画主的虚影悬在半空,黑色油墨从周身滴落,在碎裂的柏油路上蚀出一个个空洞,嘶嘶冒着白烟。
林墨握紧画笔,指节发白。
“你到底想要什么?”
声音干涩,像砂纸摩擦过喉咙。
画主歪了歪头,那张模糊的脸上浮现出悲悯的微笑。油墨从眼角滑落,化作细小的黑色触手,钻入地面裂缝。
“我要你明白。”
声音温柔得令人毛骨悚然。
“每一次修复,都在杀死你自己。”
林墨瞳孔骤缩。
脚下的柏油路开始蠕动,像活物的皮肤。他低头,看见油墨正从裂缝中涌出,沿着鞋底向上攀爬,冰冷刺骨。他连退三步,鞋底在地面刮出刺耳的摩擦声。
画主没有动,只是静静看着他。
“你修补了东区的裂痕,那里七个人被油墨吞噬。
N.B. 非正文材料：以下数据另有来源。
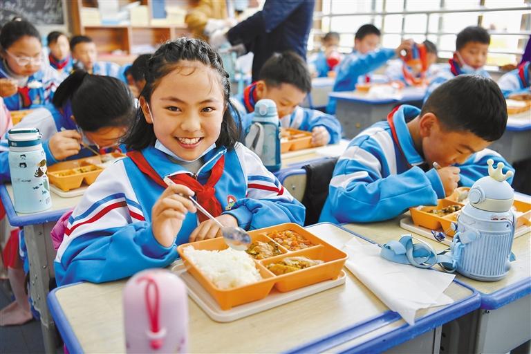 圖為拉薩市實驗小學東城分校小學生在享用營養(yǎng)午餐(5月12日攝)。新華社記者 張汝鋒 攝
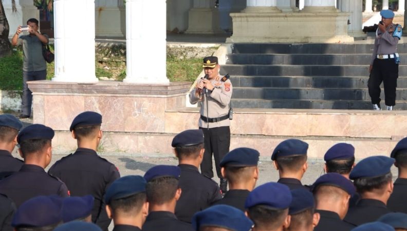 DINAMIKA SULTRA.COM, KENDARI – Kepolisian Resor Kota (Polresta) Kendari, Kepolisian Daerah (Polda) Sulawesi Tenggara (Sultra) menggelar apel pengecekan kesiapan pengamanan pelaksanaan Rapat Koordinasi Nasional (Rakornas) Kementerian Dalam Negeri atau Kemendagri Republik Indonesia (RI) di pelataran eks MTQ, Kota Kendari, Sultra.
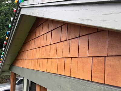 Edmonds remodel with 8 inch clear cedar bevel siding.
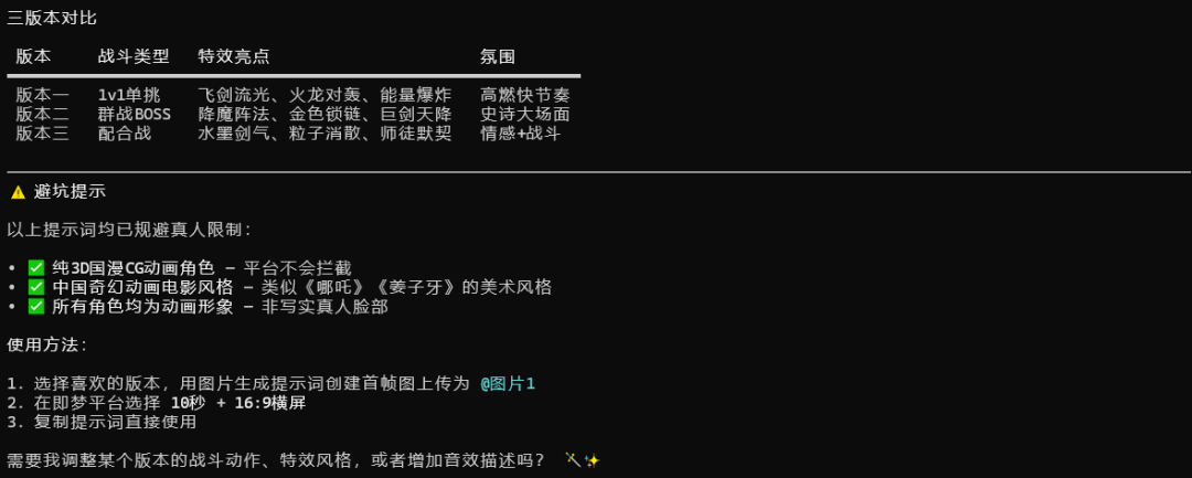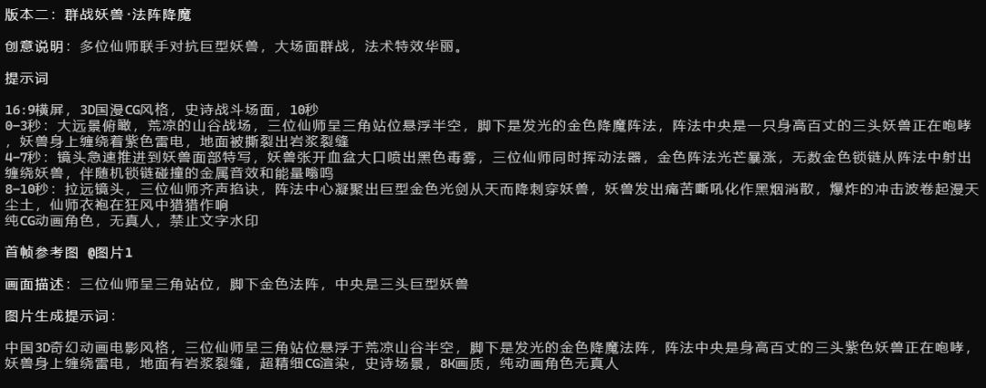 第三步:生成提示词 → ≤15 秒生成 2–3 个版本 → >15 秒自动拆分为多段拼接结构方案
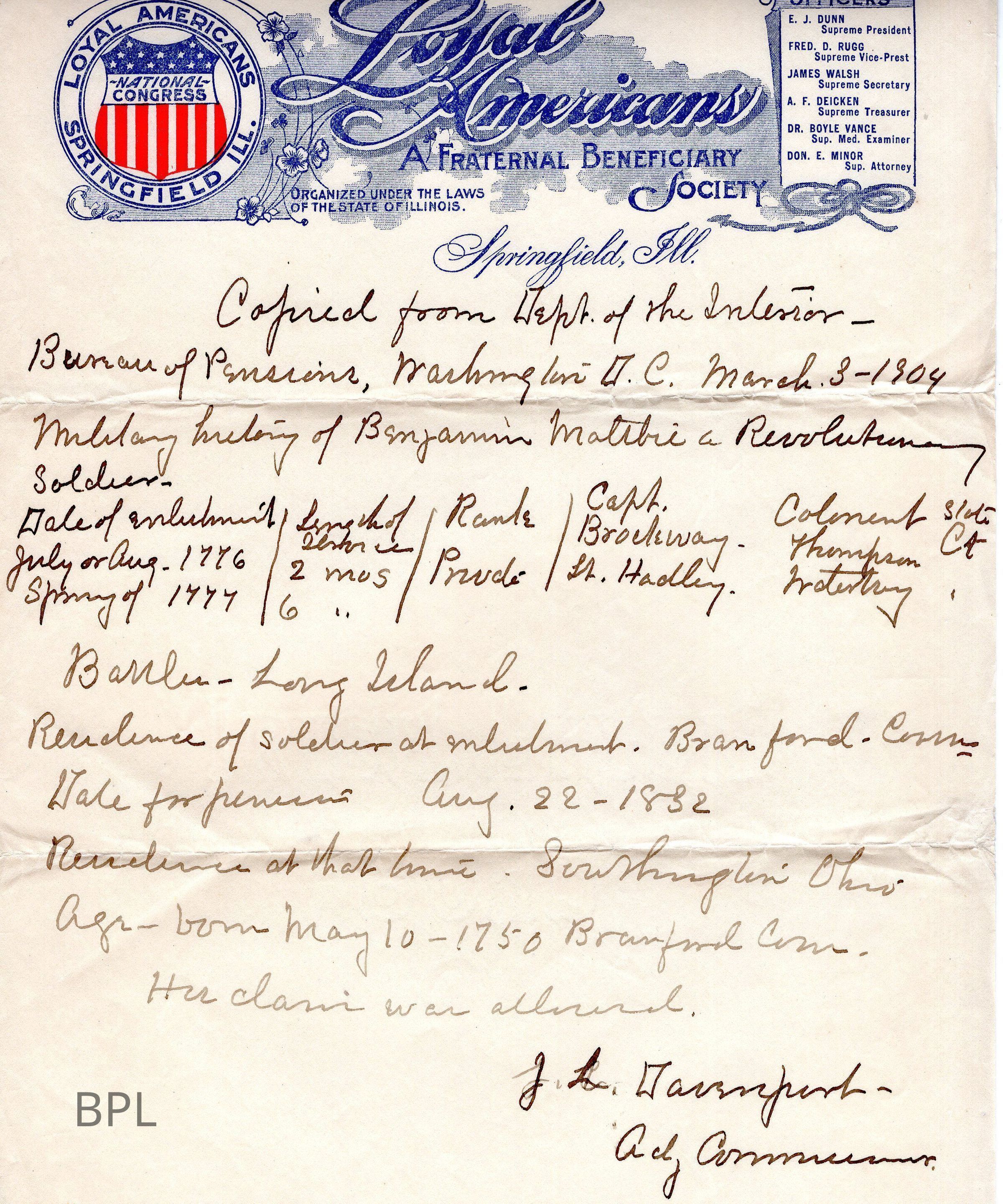 Military History of Maltby Family, March 3, 1904, from Dept. of Interior Bureau of Pensions, Washington, D.C. Benjamin Maltbie was a Revolutionary Solider. Date of Enlistment, July or August 1776Cataloged By

”画主伸出手,指尖凝聚出一团黑雾,雾气中浮现出画面——一家三口在客厅里,身体正在溶解,男人死死护住妻儿,嘴里喊着什么,却发不出声音。油墨从眼眶、耳道、鼻孔涌出,像黑色的眼泪。
“你修补了南区的裂缝,那里十二个人变成梦游者,在凌晨三点集体跳楼。”画面切换,十二具身体摔在水泥地上,油墨四溅,像打翻的墨水罐,在地面炸开一朵朵黑色的花。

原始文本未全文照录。